Buddhist Perspectives

Christian women are not alone in sharing spiritual advice. New and forthcoming books by Buddhist women point to ways the Eastern religion can ease suffering and even lead to enlightenment.

In The Wisdom of the Hive: What Honeybees Can Teach Us About Collective Wellbeing (Sounds True, out now), educators and beekeepers Michelle Cassandra Johnson and Amy Burtaine blend nature-based shamanistic practices, beekeeping, Buddhism, and spirituality.

Out in February 2026 from Shambhala, Women in Love with the Divine by Erica Bassani shares what the author learned about committing to a relationship with the sacred from a dozen women spiritual teachers in various traditions.

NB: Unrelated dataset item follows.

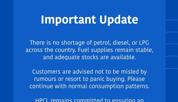 पेट्रोल-डीजल की कमी की अफवाह के बीच हिन्दुस्तान पेट्रोलियम कॉर्पोरेशन लिमिटेड ने भी अपनी आधिकारिक पोस्ट के जरिए कहा कि – ”देश भर में पेट्रोल-डीज़ल या एलपीजी की कोई कमी नहीं है… ईंधन की आपूर्ति स्थिर है और पर्याप्त मात्रा में स्टॉक उपलब्ध है…
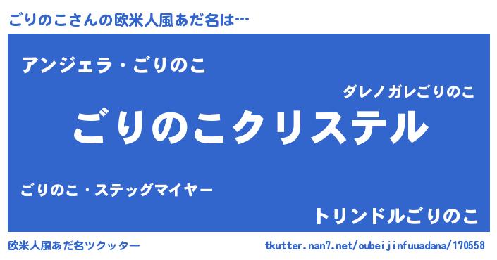 | 女子向けラノベタイトル風あだ名 | 『ごりのこの雑貨屋さん』 |

And North Atlantic’s Emergent Dharma (Dec.) by feminist scholar Sharon Suh presents essays from 11 Asian American feminist Buddhists who, according to the publisher, want to correct teachings colored by “patriarchy, sexism, Orientalism, and our larger cultural context.”

Whether women today look to the Bible or to Eastern sages, they are not alone. They can find company in books by authors like themselves, linking them to the sisterhood of wise, brave, and funny women who came before.